WASHINGTON — Two groups are urging Moody’s Investors Services to delay its proposed changes to analyzing public sector pension data, saying the changes will increase confusion and reduce transparency of pension liabilities.

The National Association of State Retirement Administrators and the National Council on Teacher Retirement, sent a 5-page comment letter to the rating agency late last week, just before the public comment period ended Sept. 30.

Both groups represent a mix of trustees, administrators, and public officials who oversee approximately $3 trillion in pension assets and benefits for 21 million working and retired state and local government employees.

In July, Moody’s first announced the proposed adjustments, which would nearly triple — to $2.2 trillion from $766 billion — the unfunded pension liabilities reported by state and local governments in 2010.

The rating agency extended the deadline by one month for comments on its proposed changes after market participants requested the extension.

Moody’s proposed adjustments would highlight the weakest funded pensions, but alone are not expected to result in rating changes for states, the rating agency said. It is considering four principal adjustments to as-reported pension information including replacing asset smoothing with reported market or fair value as of the actuarial reporting date.

The rating agency will be analyzing the feedback over the next few weeks and will publish the final adjustments later this fall, David Jacobson, communications strategist with Moody’s, told The Bond Buyer.

Moody’s would not disclose the amount of comment letters but Jacobson said that they have received a “substantial amount of comments with a broad range of opinions.”

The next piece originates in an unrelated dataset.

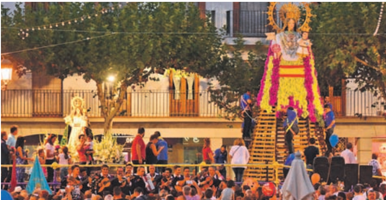
La ofrenda floral reúne a miles de vecinos cada año

NASRA and NCTR join the majority of state and local groups who oppose the changes. Last month the Government Finance Officers Association said in a letter that there would be no benefit derived from introducing a competing methodology for measuring pension liabilities and cost.

NASRA and NCTR argued in their letter that the introduction of another set of calculations in addition to the new rules set forth by the Governmental Accounting Standards Board “will result in increased, widespread confusion and misunderstanding of the meaning and implication of public pension actuarial measures,” the letter said. “This, in turn, will be exacerbated by selective use, drawing on the funding level figure that best fulfills the objective of the user.”

Earlier this summer GASB approved new accounting standards to improve financial reporting for public pension plans. The new standards will require governments to disclose a “net pension liability” figure for the first time on their balance sheets in addition to funding projections, ultimately increasing the accounting of total unfunded liabilities.

The two groups said that the likely outcome of adhering to the new GASB accounting standards will be the production by most public pension plans of two sets of actuarial calculations: one to meet GASB requirements and another to inform policymakers of the plan’s funding requirements.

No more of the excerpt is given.